Bella esperó pacientemente a un lado, dejando a su mejor amiga y a su jefe unos pocos minutos más de intimidad. Las cosas habían estado un poco incomodas desde nuestra pequeña lección del billar. Yo había sobrepasado los límites, y lo sabía. Pero podría haber jurado que había sentido su cuerpo reaccionar ante el mío...

Al parecer, me había equivocado y ahora no sabía cómo disculparme.

Metí las manos en los bolsillos y me acerqué a ella. Ella levantó la vista cuando vio que me acercaba, y sonrió.

"Bella, yo-"

"Edward, lo hemos pasado muy bien esta noche".

Di un suspiro de alivio. "Me lo he pasado genial".

"Debemos hacer esto de nuevo. Ya sabes... todos nosotros... salir juntos".

Todos nosotros. No solos tú y yo.

"Sí. Sí, claro. Eso sería genial".

"Y ya sabes... si tu novia quiere venir, sería genial también. Todos podemos estar juntos".

Sentí una punzada en el pecho.

Asentí con la cabeza. "Cuando hables con Mike dile que te he dicho hola", dije con frialdad.

Me pareció ver algo cruzar su cara, pero se fue rápidamente. "Lo haré. Seguramente será la próxima semana, así que..."

El dolor irradió a lo largo de mis entrañas.

Asentí con la cabeza rígida y me fui.

"¡Edward espera!".

Cerré los ojos y suspiré, parándome y dándome la vuelta para encararla. Sus ojos estaban llenos de confusión.
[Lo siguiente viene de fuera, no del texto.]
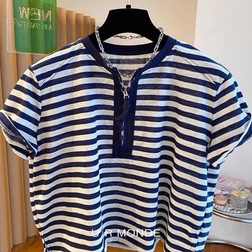 [보니제이]단가라 네이비 여성 반팔티 앞 지퍼 포인트 라운드 스
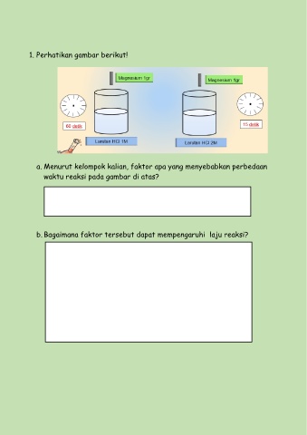 1. Perhatikan gambar berikut! a. Menurut kelompok kalian, faktor apa yang menyebabkan perbedaan waktu reaksi pada gambar di atas? b. Bagaimana faktor tersebut dapat mempengaruhi laju reaksi?
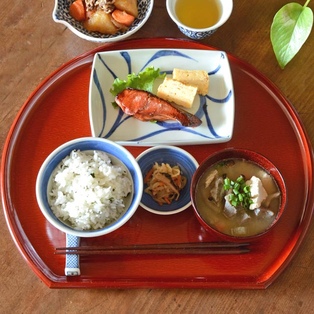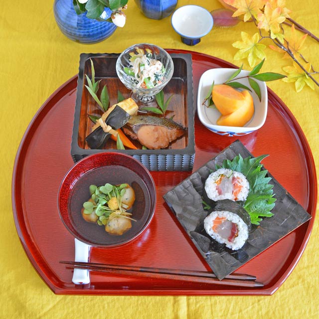 なめらかで深みある後藤塗の朱色が美しい、本格的な半月膳。ひとり分の食事をゆとりを持ってセッティングすることができるサイズです。いつもの料理も御馳走に♪香川漆器の半月膳。砥部.. 【香川漆器 後藤塗】後藤塗の半月膳(大)
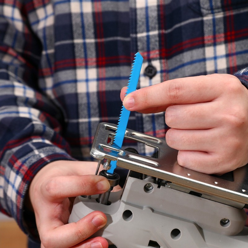 ► Urządzenie posiada metalową, dźwigniową, bezkluczykową wymianę brzeszczotu, dzięki której z łatwością wymienisz jeden brzeszczot, na drugi.
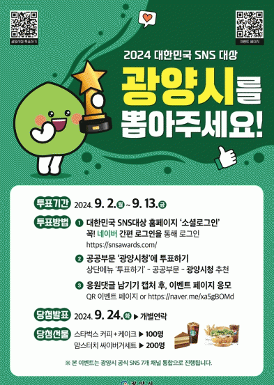 [¹Ìµð¾îÀü³² ÀÓ¼º¿Ï ±âÀÚ]±¤¾ç½Ã´Â 9¿ù 2ÀϺÎÅÍ 13ÀϱîÁö Àü ±¹¹ÎÀ» ´ë»óÀ¸·Î '2024 Á¦14ȸ ´ëÇѹα¹ SNS ´ë»ó ÅõÇ¥ À̺¥Æ®'¸¦ ÁøÇàÇÑ´Ù°í ¹àÇû´Ù. ¿Ã¹Ù¸¥ SNS Ȱ¿ë ¹®È¸¦ Á¤Âø½Ã۱â À§ÇØ 2011³â¿¡ Á¦Á¤µÈ ¡®´ëÇѹα¹ SNS ´ë»ó¡¯Àº SN¡¦
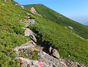 | これが下降点の印らしい (「小赤石岳の肩」かな?) |
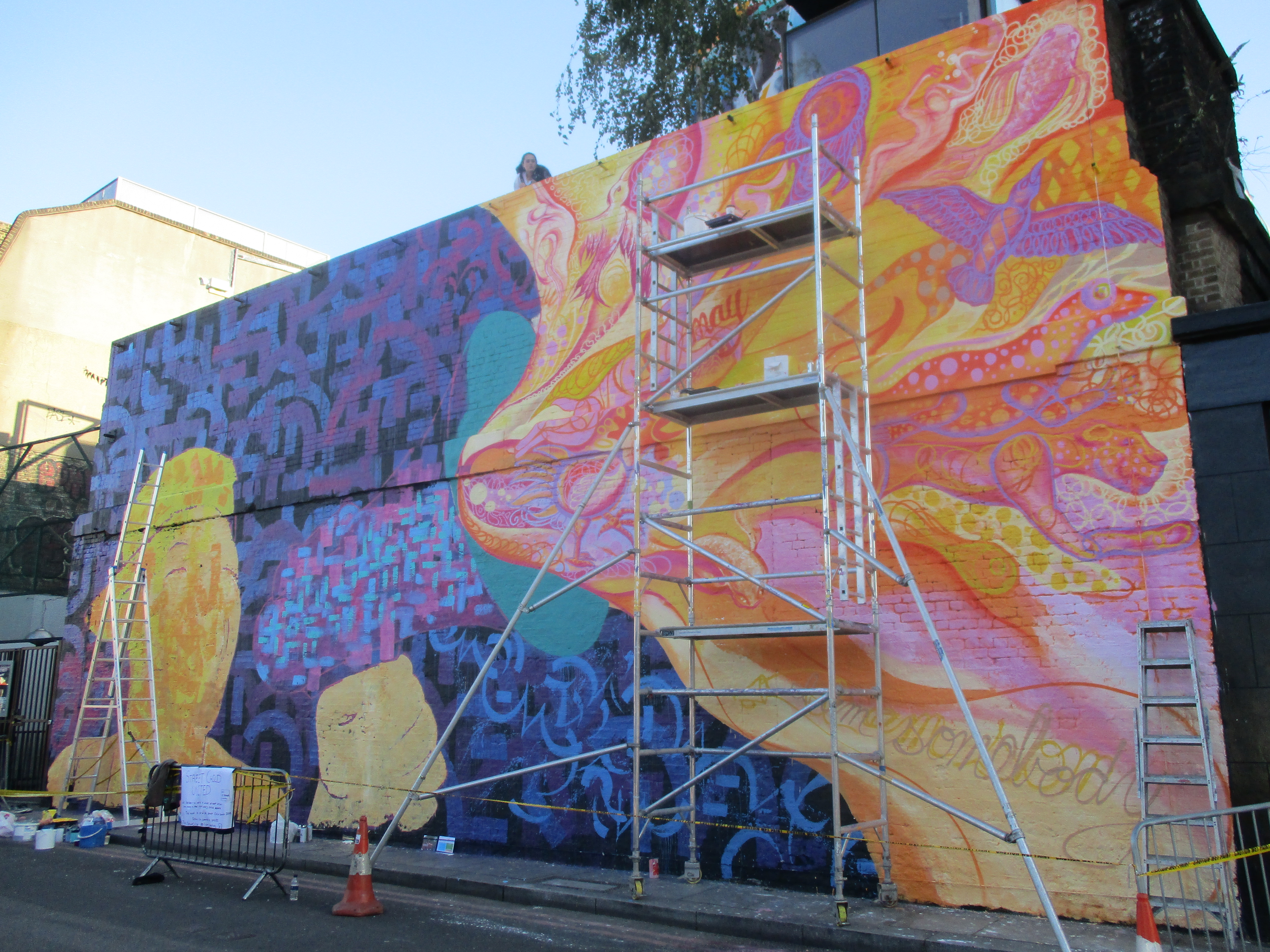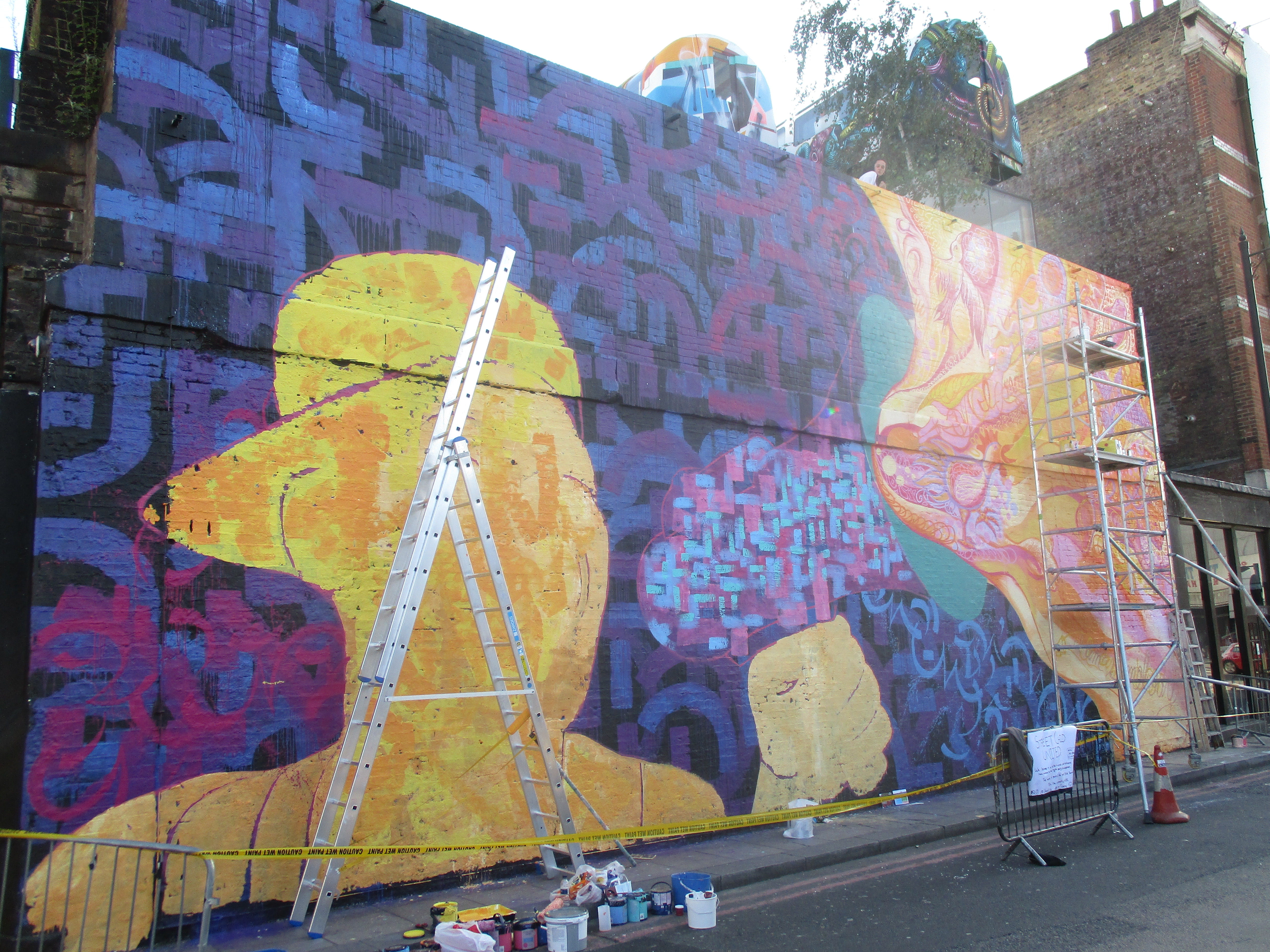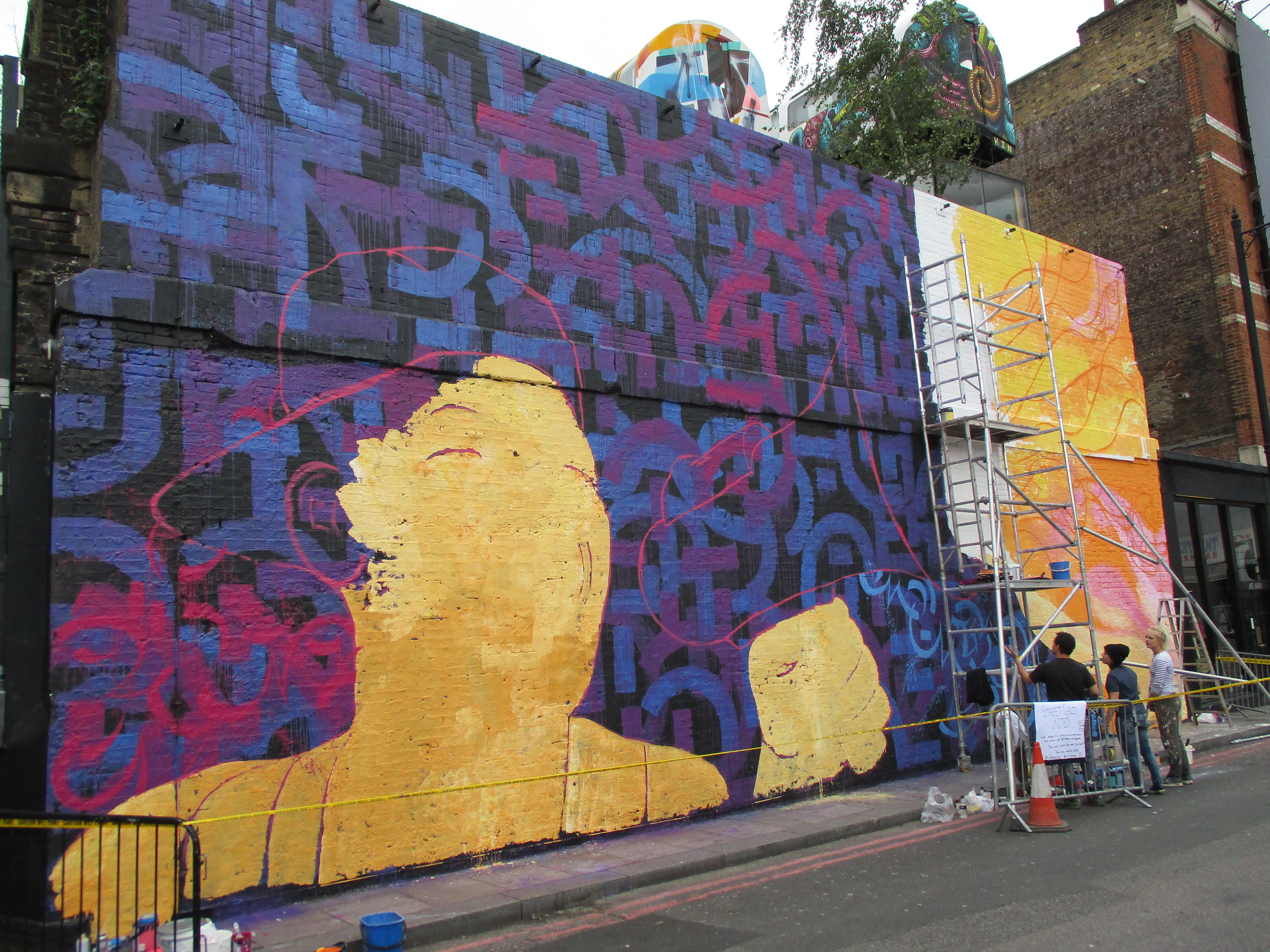 Well the Village Underground in Shoreditch, a wall that is always offering something new, exciting and often from artists that previously haven’t painted in London has received over the last several days its latest fresh coat of paint from US artist Joel Bergner, and what an unbelievably incredible job he has done with it indeed. This piece took some four days to create, in this time Joel Artista had two helpers in the form of Bec Dennison and Meghan O’Malley and the work has been created for Street Child United who provide a global platform for street children to be heard so that they receive the protection, support and opportunities all children deserve.

"¿Por qué... por qué has venido a Nitelock esta noche?"

Porque te necesito. Porque no tengo ni idea de cómo he vivido sin ti durante los últimos seis años, o cómo voy a hacerlo de nuevo.

Suspiré profundamente. "Porque fuimos buenos amigos una vez y pensé que podríamos serlo de nuevo".

Por una fracción de segundo algo brilló en sus ojos. Una emoción que podría haber jurado que había visto una vez allí, casi como... decepción. Pero se fue casi de inmediato. Ella sonrió suavemente.

"¿Éramos buenos amigos, no es así?"

Asentí con la cabeza.

Ella suspiró. "Me gustaría que fuéramos... buenos amigos otra vez, Edward".

Extendí la mano y la envolví alrededor de la suya. Si eso era todo lo que podía tener, tendría que ser suficiente.

"Yo también, Bella". Dejé escapar un largo suspiro. Tenía que ser suficiente. "Yo también".